Cuma, Haziran 09, 2006

DAĞ GÜLÜ

Ben dağ gülü diyorum bu çiçeklere ama sanırım kuşburnu çiçeği:))) Her yer bu ağaççıklarla kaplı burada. Kuşburnu verdiğini göremeyeceğim ama renkleriyle bir süre de olsa hayatımı şenlendirdiler. Doğa insanın hayatında ne kadar önemli ve zaruri. Hep bahçeli bir evim olsun, çiçekler, sebzeler, meyve ağaçlarıyla doldurayım diye hayal ediyorum, Kale'ye de bu nedenle gelmiştim herkesi arkamda bırakarak. Şimdi ise birşeylerin eksikliği doldu içime. Sanırım bu ortamı arkadaşlarıma yakın bir yerde yapmalıyım. En azından hayallerimdeki bu evde onları ağırlayabileyim.

ESKİ EV

Bu eski ev terkedilmiş olmasına rağmen hala canlı adeta. Kızımı gezmeye çıkardığımda hep buradan geçiyorum. Bana güzel şeyler anımsatıyor, çocukluğum gibi... Çocuk olsaydık ne güzel saklanırdık burada, nasıl yuvarlanırdık çimlerde diye düşünmeden geçemiyorum. Ama Kale'de çocuklar oynamıyor çimlerde, caddeyi tercih ediyorlar ellerindekinin kıymetini bilemeden. Hatta oynadıkları bile o kadar nadir ki neyaparlar evlere hapsolup anlayamıyorum. Bizim çocukluğumuz kırlarda geçti, iyi ki de öyle olmuş. Doğayı tanıdık, böcekleri, çiçekleri tanıdık. Her çiçek görüşümde, şundan taç yapardık, bundan toka, bunun sütü vardır... diyebiliyorum en azından. Her çiçekte her kokuda bir anım var.

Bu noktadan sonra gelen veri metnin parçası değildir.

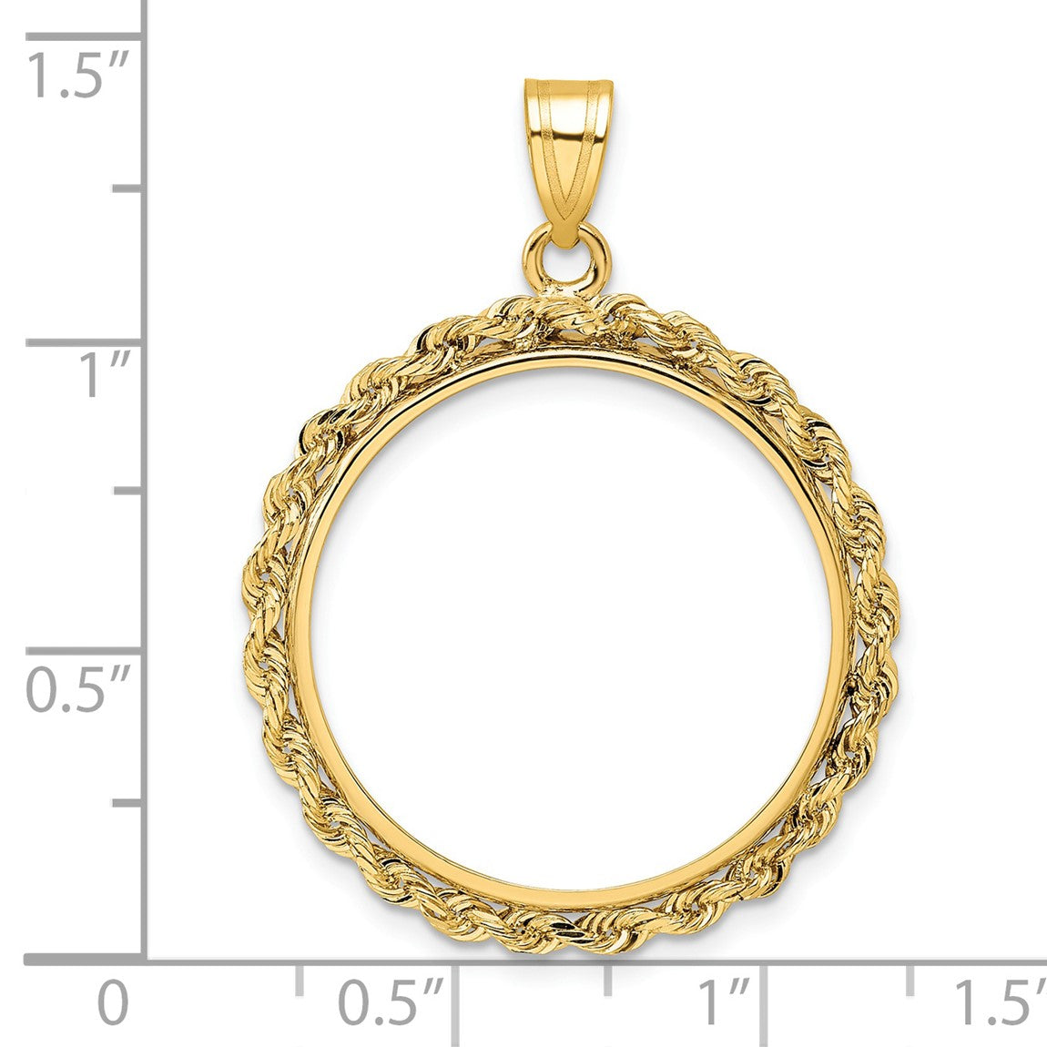 14k Yellow Gold 2mm Rope Edge 22.6mm Prong Coin Bezel Pendant - Fits 10 Pesos and US $5 Liberty Classic

Pazartesi, Haziran 05, 2006

PAPATYA RESİMLERİ

Papatyalara özel bir sevgim olmuştur hep. Yüreğimden geçenleri yansıtıyor adeta. Gördüğüm yerde de resmini çekmeden geçemiyorum. Burada o kadar çok papatya var ki her adımda karşıma çıkıyor, gelincikler de onlara eşlik ediyor. Bu baharı Ankara'da geçirmediğim ve bu güzellikleri doya doya izleyebildiğim için çok mutluyum.

Cuma, Haziran 02, 2006

BİR TUTAM BAHAR

Bahar ne kadar da yakışıyor Akyaka'ya her yerden çok. Her adımda bir renk her adımda bir koku. İçime çekmeden gidemezdim buradan. Hem gözlerim hem burnum bayram etti. Daha çok fotoğraf çekmeye vaktim olmadı, bir dahaki sefere. Paylaşacak, söyleyecek o kadar çok şeyim var ki buraya ait..

BEGONVİLLER

Bir çiçek bu kadar güzelleştirebilir evleri, bahçeleri... Bu kadar simgeleşebilir bulunduğu yerle... Akyaka'ya girdiğinizde sizi begonviller karşılıyor rek cümbüşüyle, gözleriniz takılıp kalıyor derinlere... Sizi bu güzellikle başbaşa bırakayım bir de hayalinizle...

AKYAKA EVLERİ


Tatil mevsimi de başladı ve ben yine Akyaka'dayım. Bir saat uzaklıkta olunca gelmeden olmaz elbette. Onca yolu katedip geldiğimizi düşünürsek. Gökova'ya gitmeden bir yıl geçirmeyi düşünemiyorum. Eşimle her yıl farklı yerlere gidelim desek de gittiğimiz yerler bizi tatmin etmediği için Muğla'ya tekrar geliyoruz. Buralar bizim gönlümüzün tahtında oturuyor. Ölüdeniz ve Akyaka özellikle. Hele evleri yok mu beni öldürecek, Burada yaşayanlar ne kadar şanslı demekten kendimi alamıyorum. Bu fotoğraf da geçen haftaki gezimizden. Kızım da ilk defa denize girdi, henüz beş aylık ama zamane çocuğu çok şanslı Bizim 20 yaşından sonra denizle tanıştığımızı düşünürsek. Ürktü başta ama o da sevdi biliyorum. Benim gönlüm Gökova'da atıyor ne yapayım.